Forum: Ruby Mailing List Files (#115)

Announcement (2017-05-07): www.ruby-forum.com is now read-only since I unfortunately do not have the time to support and maintain the forum any more. Please see rubyonrails.org/community and ruby-lang.org/en/community for other Rails- und Ruby-related community platforms.
4299e35bacef054df40583da2d51edea?d=identicon&s=25 James Gray (bbazzarrakk)
on 2007-02-23 15:00
(Received via mailing list)
The three rules of Ruby Quiz:

1.  Please do not post any solutions or spoiler discussion for this quiz
until
48 hours have passed from the time on this message.

2.  Support Ruby Quiz by submitting ideas as often as you can:

http://www.rubyquiz.com/

3.  Enjoy!

Suggestion:  A [QUIZ] in the subject of emails about the problem helps
everyone
on Ruby Talk follow the discussion.  Please reply to the original quiz
message,
if you can.

-=-=-=-=-=-=-=-=-=-=-=-=-=-=-=-=-=-=-=-=-=-=-=-=-=-=-=-=-=-=-=-=-=-=-=-=-=-=-=-=

The Ruby Talk mailing list archives will show files attached to incoming
messages.  However, it's not always easy to get at the data from these
files
using the archives alone.  The attachments are sometimes displayed in
not-too-readable formats:

  http://blade.nagaokaut.ac.jp/cgi-bin/scat.rb/ruby/...
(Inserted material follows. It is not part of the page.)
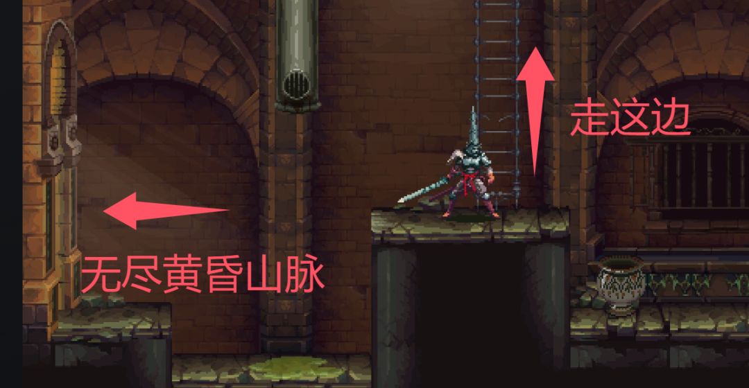 继续向左走,到金色的门前面,进门是无尽黄昏山脉,先不进去,沿着门旁边的梯子往上走。

  http://blade.nagaokaut.ac.jp/cgi-bin/scat.rb/ruby/...

This is tough for those of us who like to play with Ruby Quiz solutions.

This week's quiz is to write a program that takes a message id number as
a
command-line argument and "downloads" any attachments from that message.
Assume
message ids are for Ruby Talk posts by default, but you may want to
provide an
option to override that so we can support lists like Ruby Core as well.

If no path is given, write the attachments to the working directory.
When there
is a path, your code should place the files there instead.
E4d8c6e0e9e5ca6ab51b4b1937586e6f?d=identicon&s=25 Christoffer Lernö (Guest)
on 2007-02-24 12:54
(Received via mailing list)
Does anyone have some good sample messages?

Aside from 190780 and  226884 I've been testing with 66854 and 63060
that cover some cases not in 190780 and 226884.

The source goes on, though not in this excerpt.